Your task>
Transcribe every entry below word for word, but skip the pictures.

[[ Available data open ]]

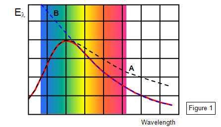 When scientists were attempting to deduce equations that would fit the black body radiation curves they encountered considerable difficulty - none of the equations that they produced using classical Physics would fit the experimental results (shown as the red line). The curves either fitted well for the ultra violet (line A) but were unsatisfactory at longer wavelengths or they were fine for infrared but suggested far too much energy in the short wavelength region – the so- called ultra violet catastrophe (line B). (See Figure 1)
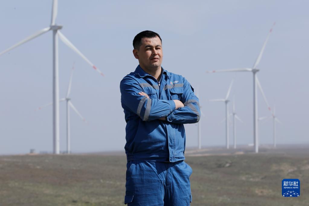 馬克薩特·阿比爾加濟耶夫曾是當地磷礦場(chǎng)的電力工程師,風(fēng)電項目的建設給他帶來(lái)很大震撼。據他回憶,2019年5月2日,風(fēng)電項目的第一臺渦輪風(fēng)力發(fā)電機運抵札納塔斯,小鎮居民很少見(jiàn)過(guò)如此龐然大物,一個(gè)風(fēng)機葉片就需要加長(cháng)貨車(chē)才能運輸,非常壯觀(guān)。阿比爾加濟耶夫意識到,哈薩克斯坦風(fēng)能資源充沛,但掌握風(fēng)電技術(shù)的專(zhuān)業(yè)人員很少,這一清潔能源的未來(lái)十分光明。2020年,三十而立的他作出了擁抱“未來(lái)”的決定——辭去磷礦場(chǎng)的工作,加入札納塔斯風(fēng)電項目。他成為了一名見(jiàn)習風(fēng)電檢修工,開(kāi)始跟著(zhù)中國師傅們學(xué)習風(fēng)電檢修技術(shù)。
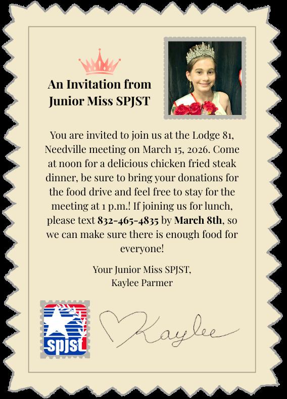 Lodge Meetings: Held quarterly - the second Sunday in March, June, September, and December at 1 p.m. at Mikeska’s BBQ (off Highway 59), El Campo 77437. For information, contact President Linda Henderson 281-8045251; email hendersonlj@hotmail.com; Vice President/Reporter Ardis Bacak 832-247-6350;
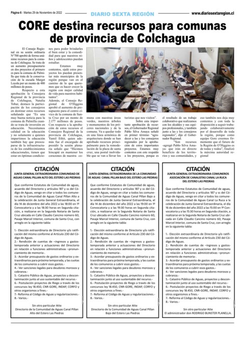 ros de la Comunidad de Aguas Canal Pillan Alto a ros de la Comunidad de Aguas Canal Pillan Bajo a digo de Aguas, vengo en citar a todos los comune-
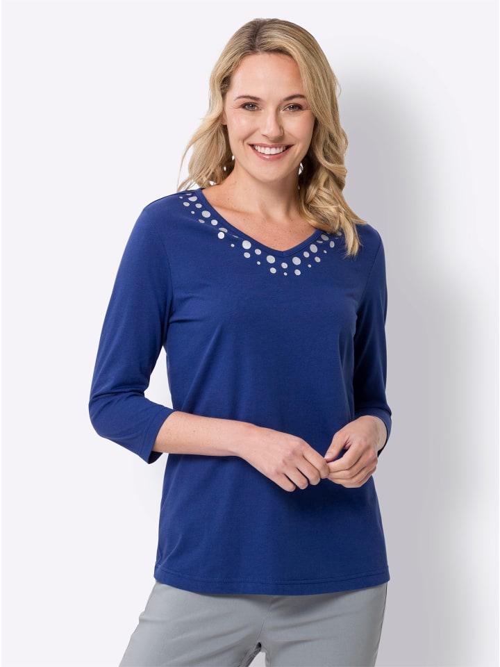 Какая выгодная покупка! Рубашка с рукавами 3/4 и стильным принтом серебряной фольги вдоль V-образного выреза.
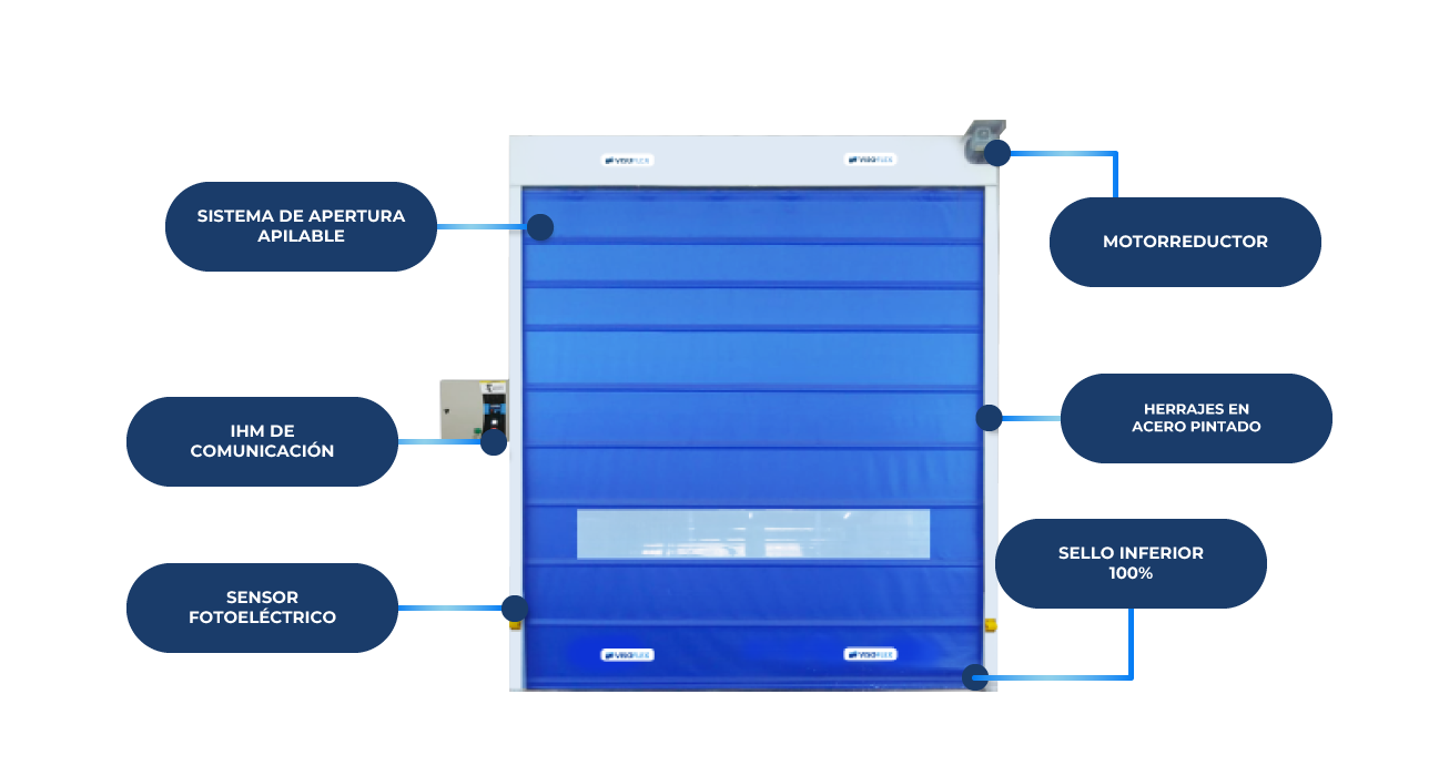 Las puertas rápidas Visoflex modelo VFX 501 fueron desarrolladas para empresas que requieren aplicaciones de gran escala, agilidad y protección.
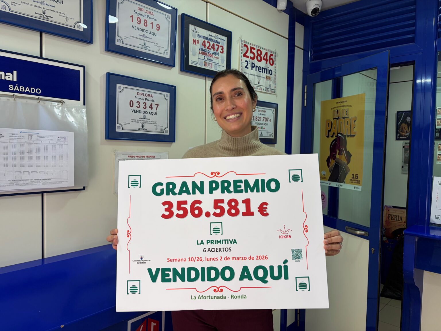 El sorteo de la La Primitiva de este pasado lunes, 2 de marzo, ha dejado en Ronda más de 350.000 euros, asociados a tres boletos de primera categoría con 6 aciertos. Uno de ellos ha sido validado en la Administración de Loterías nº 2, situada en la carrera Espinel, 9, aunque se desconoce hasta el momento la identidad de la persona afortunada.
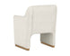 Make a bold statement with this spectacular dining armchair that will elevate any dining space. Stocked in fior vanilla fabric and completed with a gold stainless steel base. Also available in meg dark emerald and ash fabrics.

[[ Available data closed ]]

Response below>
 When scientists were attempting to deduce equations that would fit the black body radiation curves they encountered considerable difficulty - none of the equations that they produced using classical Physics would fit the experimental results (shown as the red line). The curves either fitted well for the ultra violet (line A) but were unsatisfactory at longer wavelengths or they were fine for infrared but suggested far too much energy in the short wavelength region – the so- called ultra violet catastrophe (line B). (See Figure 1)
 馬克薩特·阿比爾加濟耶夫曾是當地磷礦場(chǎng)的電力工程師,風(fēng)電項目的建設給他帶來(lái)很大震撼。據他回憶,2019年5月2日,風(fēng)電項目的第一臺渦輪風(fēng)力發(fā)電機運抵札納塔斯,小鎮居民很少見(jiàn)過(guò)如此龐然大物,一個(gè)風(fēng)機葉片就需要加長(cháng)貨車(chē)才能運輸,非常壯觀(guān)。阿比爾加濟耶夫意識到,哈薩克斯坦風(fēng)能資源充沛,但掌握風(fēng)電技術(shù)的專(zhuān)業(yè)人員很少,這一清潔能源的未來(lái)十分光明。2020年,三十而立的他作出了擁抱“未來(lái)”的決定——辭去磷礦場(chǎng)的工作,加入札納塔斯風(fēng)電項目。他成為了一名見(jiàn)習風(fēng)電檢修工,開(kāi)始跟著(zhù)中國師傅們學(xué)習風(fēng)電檢修技術(shù)。
 Lodge Meetings: Held quarterly - the second Sunday in March, June, September, and December at 1 p.m. at Mikeska’s BBQ (off Highway 59), El Campo 77437. For information, contact President Linda Henderson 281-8045251; email hendersonlj@hotmail.com; Vice President/Reporter Ardis Bacak 832-247-6350;
 ros de la Comunidad de Aguas Canal Pillan Alto a ros de la Comunidad de Aguas Canal Pillan Bajo a digo de Aguas, vengo en citar a todos los comune-
 Какая выгодная покупка! Рубашка с рукавами 3/4 и стильным принтом серебряной фольги вдоль V-образного выреза.
 Las puertas rápidas Visoflex modelo VFX 501 fueron desarrolladas para empresas que requieren aplicaciones de gran escala, agilidad y protección.
 El sorteo de la La Primitiva de este pasado lunes, 2 de marzo, ha dejado en Ronda más de 350.000 euros, asociados a tres boletos de primera categoría con 6 aciertos. Uno de ellos ha sido validado en la Administración de Loterías nº 2, situada en la carrera Espinel, 9, aunque se desconoce hasta el momento la identidad de la persona afortunada.
 Make a bold statement with this spectacular dining armchair that will elevate any dining space. Stocked in fior vanilla fabric and completed with a gold stainless steel base. Also available in meg dark emerald and ash fabrics.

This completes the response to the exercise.